Roy was told that Whitey had been a foot policeman in Central Division for almost twenty years and that he could never get used to working in a radio car. That was probably why he insisted on calling the station a half dozen times a night to talk to his friend, Sam Tucker, the desk officer.
After a few moments, Whitey swaggered back to the car and settled back, lighting his third cigar of the evening.
“You sure like to use that call box,” said Roy with a forced smile, trying to conceal the anger brought about by the boredom of working with a useless partner like Whitey when he was brand-new and eager to learn.
“Got to ring in. Let the desk know where you’re at.”
“Your radio tells them that, Whitey. Policemen have radios in their cars nowadays.”
“I’m not used to it,” said Whitey. “Like to ring in on the call box. Besides, I like to talk to my old buddy, Sam Tucker. Good man, old Sammy.”
“How come you always call in on the same box?”

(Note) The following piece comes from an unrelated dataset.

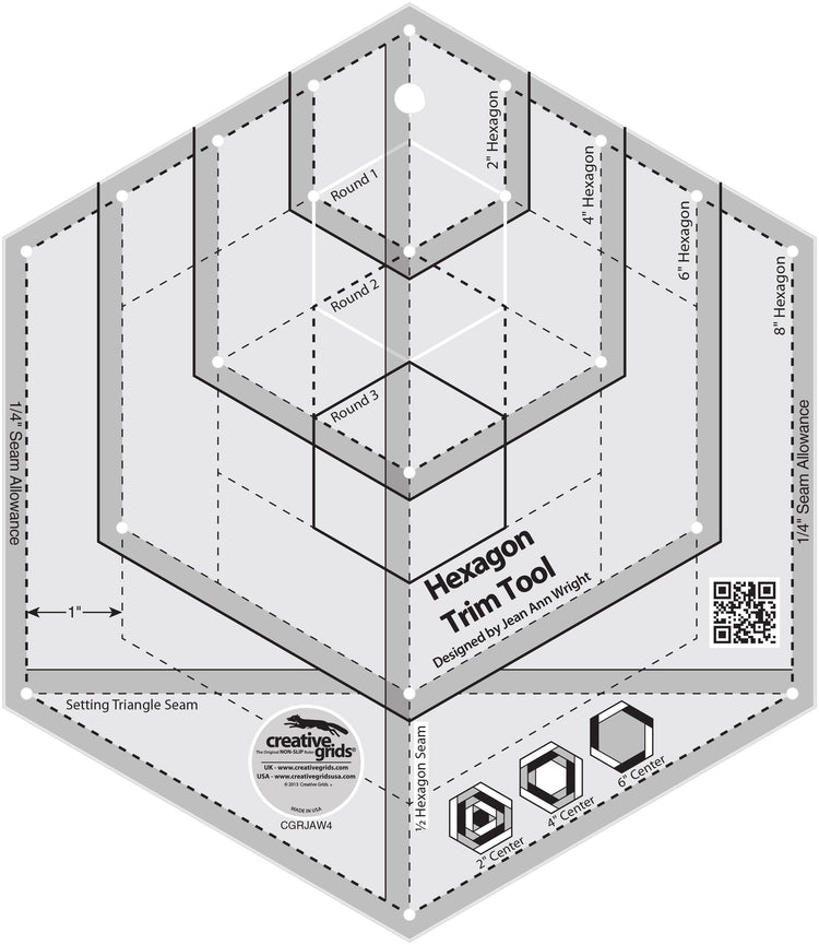 Create perfect pieced hexagons with 2, 4, or 6 inch finished centers by squaring up each round of strips as you go. Since each round is squared up before the next set is added, the blocks created are perfect hexagons. Or use the markings to cut 2 to 8 inch finished hexagons and every even size in between. Note: This tool cuts finished hexagons that measure 8 inches from side to side. From point to point, the cut hexagon is slightly less than 10 inches so they can be cut from 10 inch pre-cuts. Pattern requires inset seams? No problem - use the drilled holes to mark the seam allowance. Want to cut half hexies to avoid inset seams? The markings for half hexies are includes as well.

“Habit, boy. When you get to be old Whitey’s age, you start doing everything the same.”
It was true, Roy thought. Unless an urgent call intervened, they would eat at precisely ten o’clock every night at one of three greasy spoon restaurants that served Whitey free meals. Then, fifteen minutes would be spent at the station for Whitey’s bowel movement. Then back out for the remainder of the watch, which would be broken by two or three stops at certain liquor stores for free cigars and of course the recurrent messages to Sam Tucker from the call box at Twenty-third and Hooper.